Revolutionary website 'We Are All Khaled Said' launches constitution initiative
Ahram Online, Nada Hussein Rashwan, Saturday 22 Sep 2012
The prominent revolutionary Facebook page will launch a campaign to press members of Egypt's Constituent Assembly to vote on articles with a two-thirds majority, to avoid Islamist domination


Prominent revolution-linked Facebook group We Are All Khaled Said announced it will launch an awareness campaign that calls for a two-thirds majority voting system on articles of Egypt's first post-Mubarak constitution, currently in the final drafting phase.

The group said it will start Sunday a campaign that aims at changing the internal voting system of the 100-member Constituent Assembly to a full two-thirds majority system of at least 67 members, instead of the currently stated majority of 57 members, as a step towards building consensus and preventing domination by any single political current in the drafting of Egypt's highly anticipated constitution.

"After the sacrifices we all made for the revolution, we [Egyptians] deserve a constitution that represents all of us, respects our beliefs, upholds our general and personal freedoms, supports Egypt's cultural pluralism that extends from Sinai to the New Valley, and blocks any attempts at re-establishing a dictatorship, through the separation of powers and activating the role of regulatory bodies," said the group in an announcement made on its Facebook page in the early hours of Saturday.

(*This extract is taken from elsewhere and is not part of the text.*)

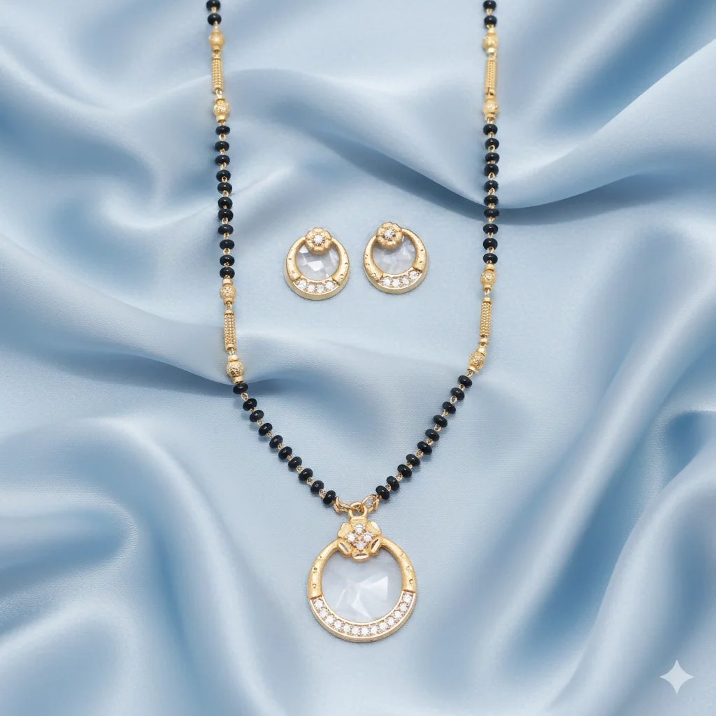 Be the first to review Gold-Plated AD Circular Crystal Mangalsutra & Earring Set for women!

Egypt’s Constituent Assembly is currently in the final weeks of drafting the country’s new constitution, with as much as 70 per cent of the document already drafted, according to assembly member and newly-appointed Minister of State for Parliamentary Affairs Mohamed Mahsoub. There are also several reports that the referendum on the constitution will take place around October.

The Facebook page of the Khaled Said group, that now has nearly two and a half million subscribers, was launched by Google executive Wael Ghonim a few days after the death of Alexandrian youth Khaled Said from severe beating by a group of policemen in June 2010.

The social media website attracted hundreds of thousands of members and became one of the most popular places for dissent to be expressed by Egyptians on the internet. The page was one of the main sponsors of the call to protest on 25 January 2011, which later turned into a three-week popular uprising that shook and eventually toppled the 30-year autocratic regime of former president Hosni Mubarak.

Egypt's contentious Constituent Assembly still faces the risk of being dissolved by court order in an ongoing lawsuit on grounds that it was drawn up by the now-dissolved People's Assembly, the lower house of Egypt's parliament.

If the court declares the assembly unconstitutional, it would be the second Constituent Assembly to be declared null and void by a court ruling this year. The first assembly, elected by the Islamist-led parliament, was dissolved when a court deemed it unconstitutional in April, against a backdrop of a weeks-long rift between Islamist and non-Islamist parties with the latter accusing the Muslim Brotherhood and other Islamist parties of dominating the assembly when 66 Islamist members were elected to it by the Islamist-majority parliament in March.